Problem to work on: Starting with the line in which "表:今年首2个月各类物业注册量额与去年同期比较" appears, give back every line exactly as written until the listing ends, excluding pictures.
Segment Start: Source data
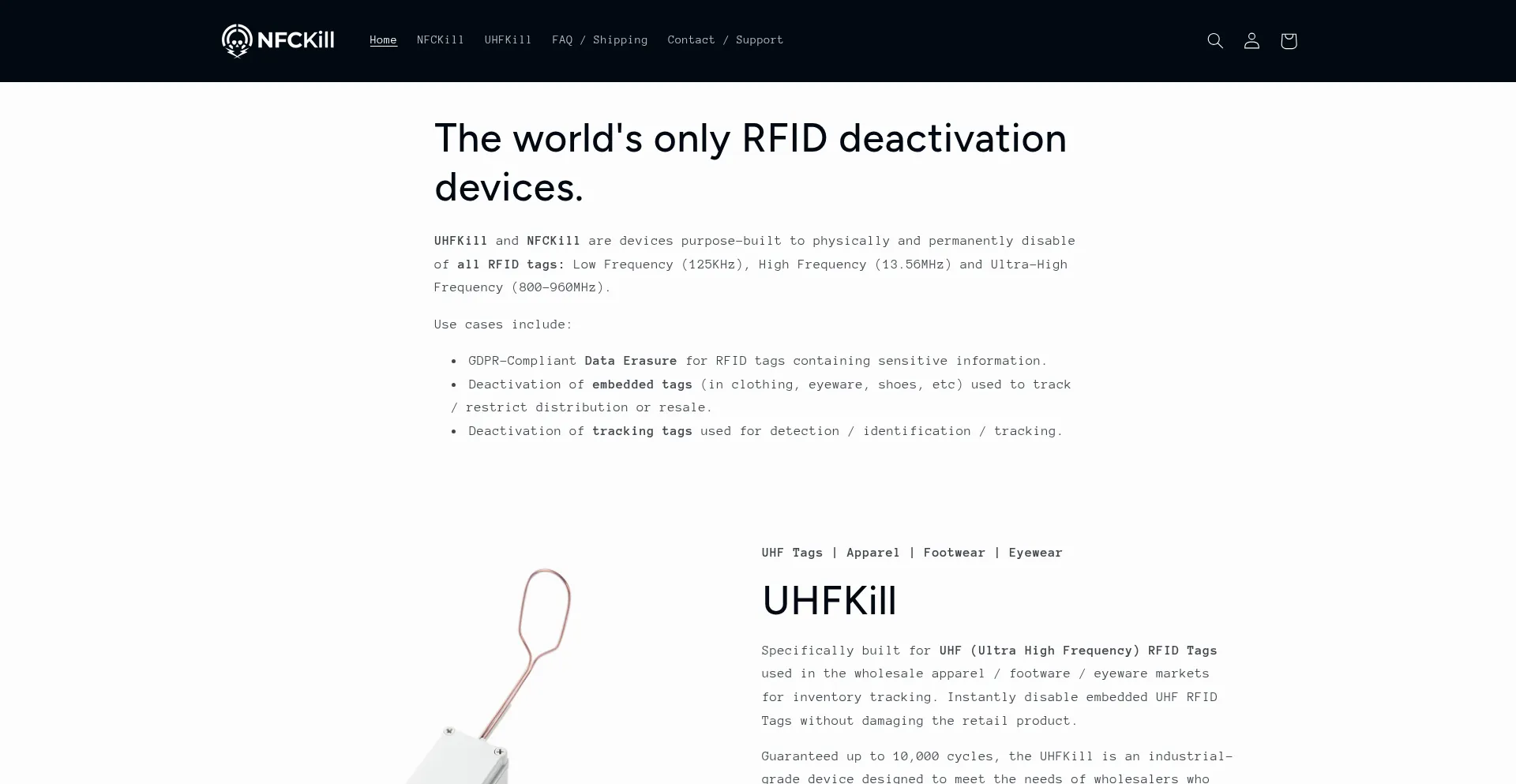 The UHFKill and NFCKill are devices that disable RFID tags and erase RFID tags. Built to deactivate RFID shoe tags, tags in sunglasses, securely erase RFID tag data. The NFCKill...
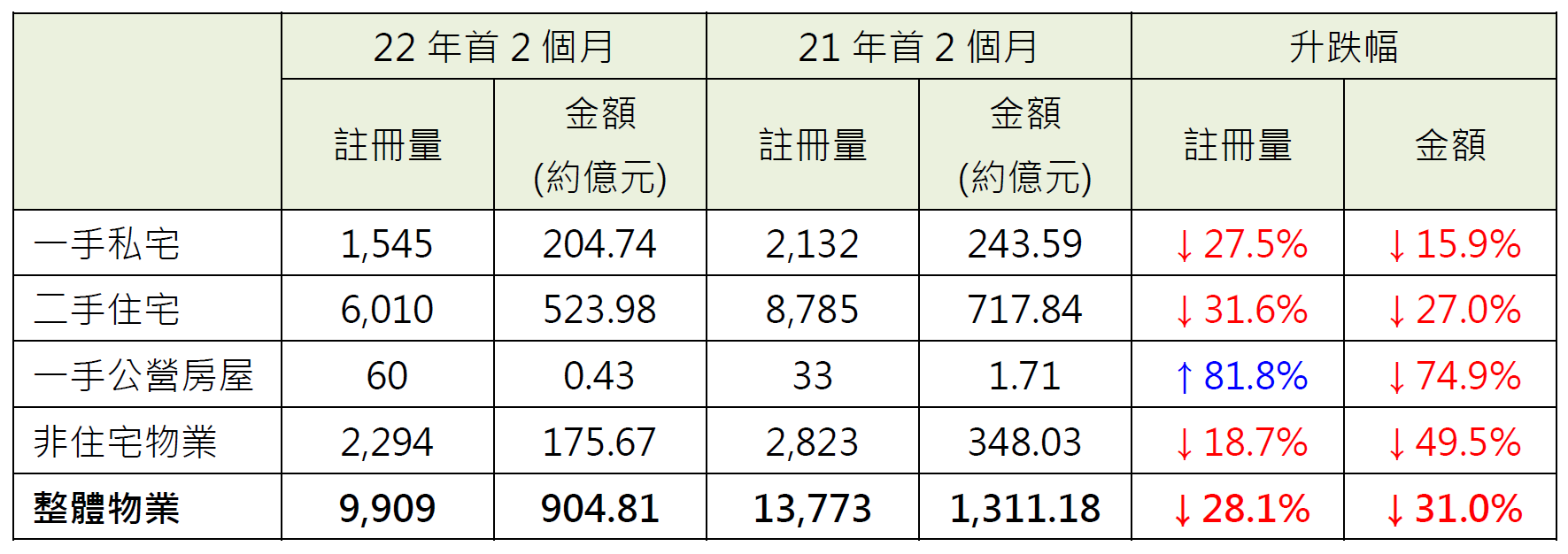 表:今年首2个月各类物业注册量额与去年同期比较
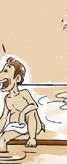 Although the water flowing from the lion's mouth appears clear and colorless, the water in the bathtub has a slightly milky appearance.
Segment End: Source data
Written response:
 表:今年首2个月各类物业注册量额与去年同期比较
 Although the water flowing from the lion's mouth appears clear and colorless, the water in the bathtub has a slightly milky appearance.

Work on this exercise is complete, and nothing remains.